② Distribution of Different Features

# Plotting total sales histograms
ggplot(total_sales, aes(x = reorder(Store, -Weekly_Sales), y = Weekly_Sales)) +
  geom_bar(stat = "identity", fill = "skyblue") +
  theme_minimal() +
  labs(title = "Total Sales by Store", x = "Store", y = "Total Sales") +
  theme(axis.text.x = element_text(angle = 45, hjust = 1))

Viewpoint:The bar chart of total sales by store shows that a few stores account for most of the sales, while many others have much lower sales. This uneven distribution indicates that certain stores drive most of the sales, which could impact business planning and resource allocation.

std_sales <- data %>%
  group_by(Store) %>%
  summarise(SD_Weekly_Sales = sd(Weekly_Sales, na.rm = TRUE)) %>%
  arrange(desc(SD_Weekly_Sales))

save(std_sales, file = "std_sales.RData")
print(head(std_sales, 1))
## # A tibble: 1 × 2
##   Store SD_Weekly_Sales
##   <dbl>           <dbl>
## 1    14         317570.
# Plotting standard deviation histograms
ggplot(std_sales, aes(x = SD_Weekly_Sales)) +
  geom_histogram(binwidth = 10, fill = "skyblue", color = "black") +
  labs(title = "Histogram of Standard Deviation of Weekly Sales", x = "Standard Deviation", y = "Frequency")

Viewpoint:The histogram of weekly sales standard deviation shows little variation, meaning most weeks have similar performance.

# Conversion of holiday date format
Super_Bowl <- as.Date(c("2010-02-12", "2011-02-11", "2012-02-10"))
Labour_Day <- as.Date(c("2010-09-10", "2011-09-09", "2012-09-07"))
Thanksgiving <- as.Date(c("2010-11-26", "2011-11-25", "2012-11-23"))
Christmas <- as.Date(c("2010-12-31", "2011-12-30", "2012-12-28"))
# Calculate average sales for holidays and non-holidays
super_bowl_sales <- data %>%
  filter(Date %in% Super_Bowl) %>%
  summarise(mean_sales = mean(Weekly_Sales, na.rm = TRUE)) %>%
  pull(mean_sales)
labour_day_sales <- data %>%
  filter(Date %in% Labour_Day) %>%
  summarise(mean_sales = mean(Weekly_Sales, na.rm = TRUE)) %>%
  pull(mean_sales)
thanksgiving_sales <- data %>%
  filter(Date %in% Thanksgiving) %>%
  summarise(mean_sales = mean(Weekly_Sales, na.rm = TRUE)) %>%
  pull(mean_sales)
christmas_sales <- data %>%
  filter(Date %in% Christmas) %>%
  summarise(mean_sales = mean(Weekly_Sales, na.rm = TRUE)) %>%
  pull(mean_sales)
non_holidays_sales <- data %>%
  filter(Holiday_Flag == 0) %>%
  summarise(mean_sales = mean(Weekly_Sales, na.rm = TRUE)) %>%
  pull(mean_sales)
cat("Super Bowl Sales: ", super_bowl_sales, "\n")
## Super Bowl Sales:  1079128
cat("Labour Day Sales: ", labour_day_sales, "\n")
## Labour Day Sales:  1042427
cat("Thanksgiving Sales: ", thanksgiving_sales, "\n")
## Thanksgiving Sales:  1471273
cat("Christmas Sales: ", christmas_sales, "\n")
## Christmas Sales:  960833.1
cat("Non-Holidays Sales: ", non_holidays_sales, "\n")
## Non-Holidays Sales:  1041256

Viewpoint:This result displays the average sales for specific holidays (such as Super Bowl, Labor Day, etc.) and non-holidays.
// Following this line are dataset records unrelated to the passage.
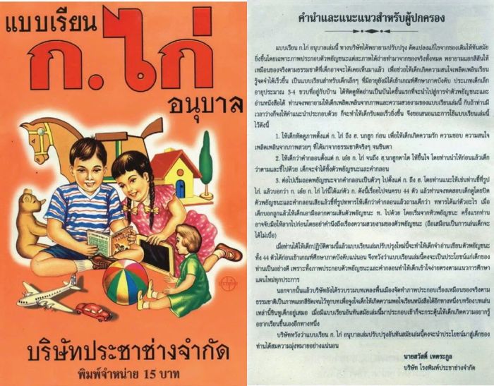 หน้าปกและคำนำหนังสือ "แบบเรียน ก.ไก่ อนุบาล" บริษัทประชาช่าง ฉบับภาพถ่าย พ.ศ. 2539
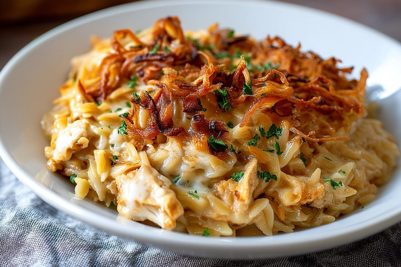 French Onion Chicken Orzo Casserole
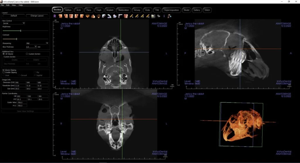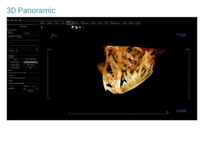 - 3D panoramabildet erstatter behovet for full munnoversikt som tradisjonelt er tatt med 2D røntgen. Ved å gi oss en full 3D-modell av hodeskallen kan vi raskt identifisere rotnummer, eksponerte furkasjoner, resorberte røtter, ankylose og annen patologi vi kanskje ønsker å undersøke nærmere.
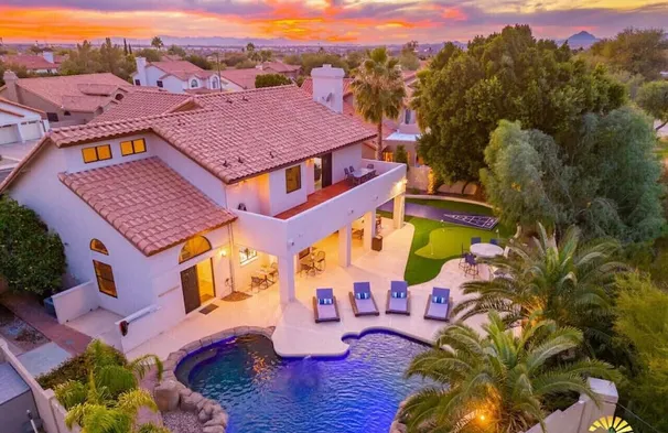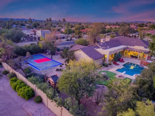 Experience luxury in Central Scottsdale with heated pool, pickleball, & slide!
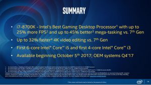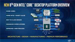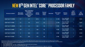 The feeds and speeds for the new CPUs tell you pretty much everything you need to know, if you compare Coffee Lake to Kaby Lake or Skylake. Core i7-8700K has 50 percent extra cores compared to Core i7-7700K yet the TDP has barely changed from 91W to 95W. You still use dual channel DDR4 memory with a modest nominal increase in speed from 2400MHz to 2666MHz which will be eclipsed as soon as you enable XMP.
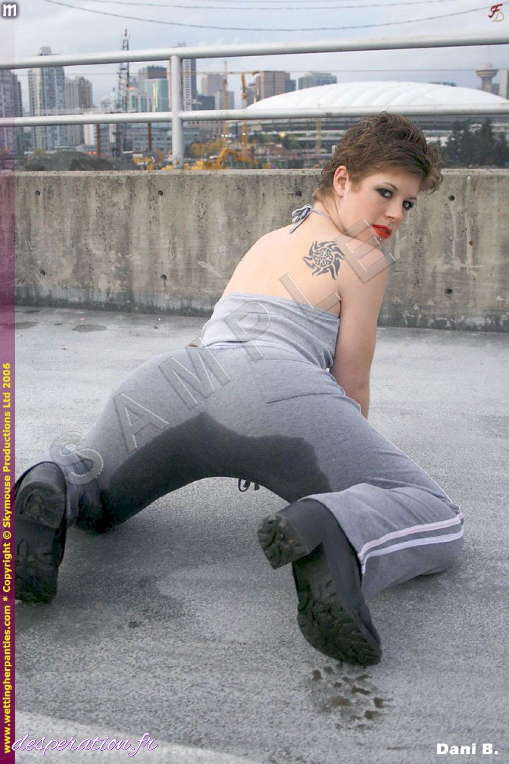 La vessie pleine, elle ne peut se retenir de pisser dans sa culotte
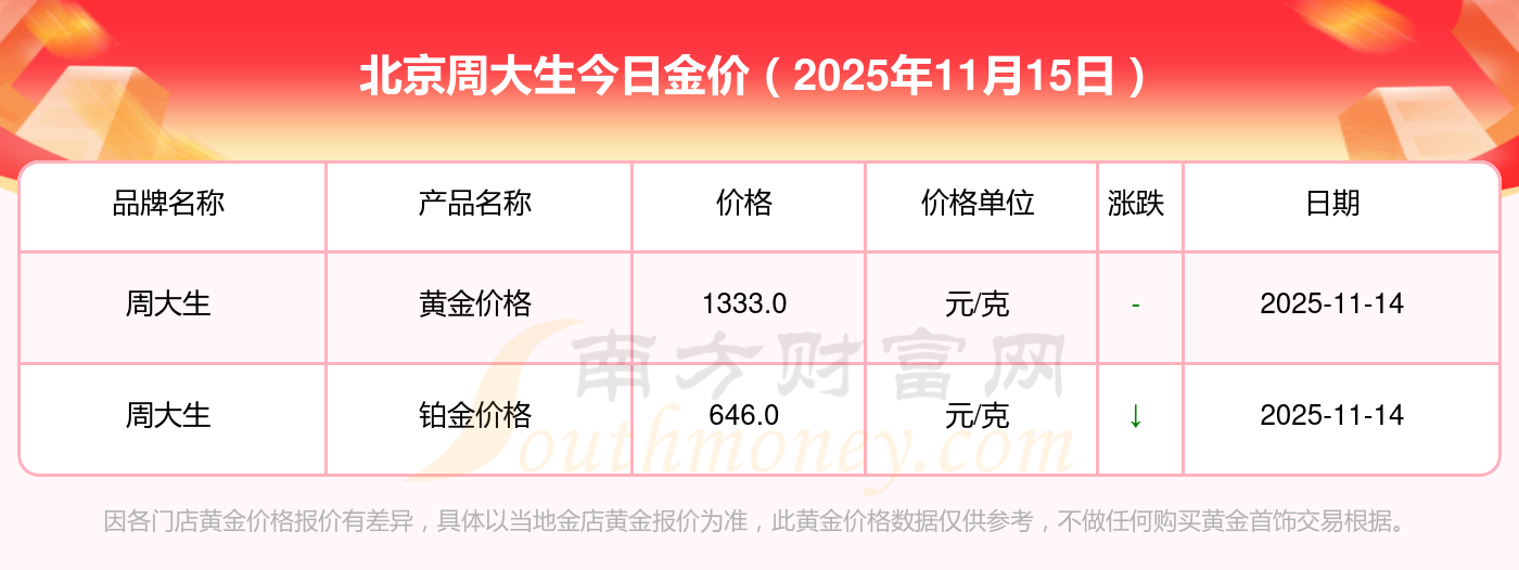 現(xiàn)在北京周大生黃金價(jià)格表_北京周大生黃金多少錢一克(2025年11月15日)
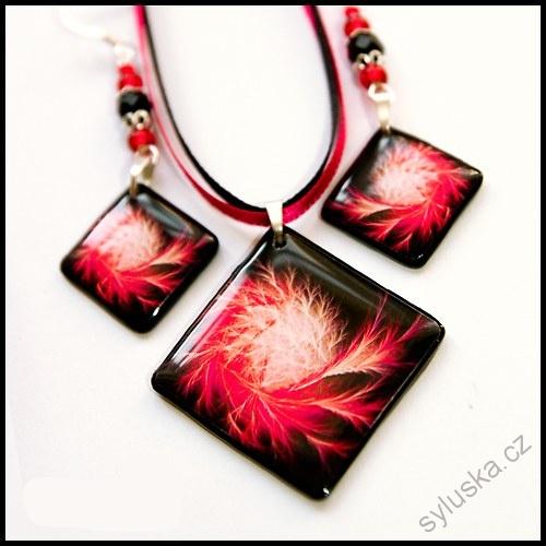 Souprava přívěsku a náušnic - CHMÝŘÍ červenočerné (kosočtverec)
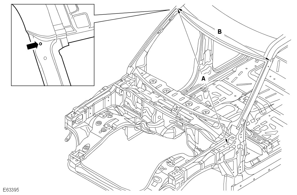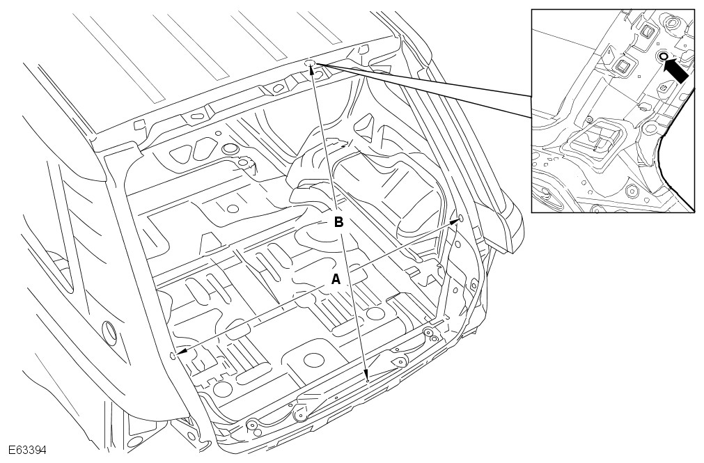 | A | LH upper trim panel, fixing hole | RH upper trim panel, fixing hole | 1217.0 (47.91) |
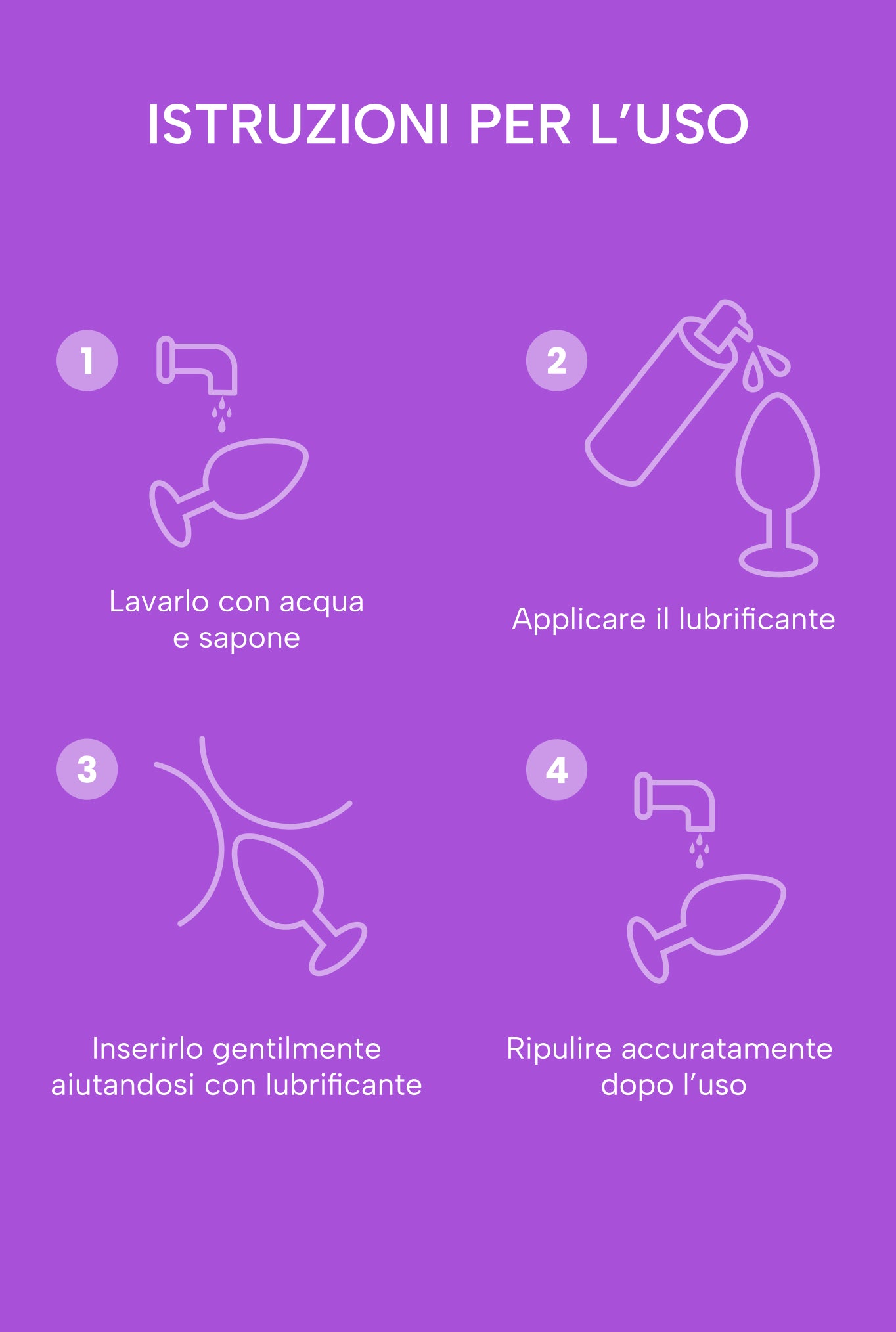 Lubrifica il plug e inseriscilo nell'ano. Si consiglia di usarlo con un lubrificante a base d'acqua. Lavalo prima e dopo l'uso con un toy cleaner.

# Plotting average sales comparisons between holiday and non-holiday weeks
holiday_dates <- c(Super_Bowl, Labour_Day, Thanksgiving, Christmas)
data$Is_Holiday_Week <- ifelse(data$Date %in% holiday_dates, "Holiday Week", "Non-Holiday Week")
avg_sales <- data %>%
  group_by(Is_Holiday_Week) %>%
  summarise(mean_sales = mean(Weekly_Sales, na.rm = TRUE))
ggplot(avg_sales, aes(x = Is_Holiday_Week, y = mean_sales, fill = Is_Holiday_Week)) +
  geom_bar(stat = "identity") +
  labs(title = "Average Weekly Sales for Holiday and Non-Holiday Weeks",
       x = "Week Type",
       y = "Average Weekly Sales") +
  scale_fill_manual(values = c("Holiday Week" = "red", "Non-Holiday Week" = "blue")) +
  theme_minimal()

Viewpoint:We can see that the average sales for holiday weeks are higher than the average sales for non-holiday weeks.

# Add month and year columns
data$Month <- as.numeric(format(as.Date(data$Date), "%m"))
data$Year <- as.numeric(format(as.Date(data$Date), "%Y"))
# Plotting a bar graph of sales by month (using 2010 as an example)
ggplot(data %>% filter(Year == 2010), aes(x = Month, y = Weekly_Sales)) +
  geom_bar(stat = "summary", fun = "mean", fill = "skyblue") +
  labs(title = "Monthly Sales Review in 2010", x = "Month", y = "Weekly Sales")

Viewpoint: We can see that the sales in 2010 remained steady throughout the year, but started to rise in October, reaching the highest average sales in December.

# Semester division
data$Semester <- ifelse(data$Month %in% 1:6, "1st Semester", "2nd Semester")
# Summary of sales by semester
semester_sales <- data %>%
  group_by(Semester) %>%
  summarise(total_sales = sum(Weekly_Sales, na.rm = TRUE))
# Plotting semester sales histograms
ggplot(semester_sales, aes(x = Semester, y = total_sales, fill = Semester)) +
  geom_bar(stat = "identity") +
  labs(title = "Semester Sales Review", x = "Semester", y = "Total Sales")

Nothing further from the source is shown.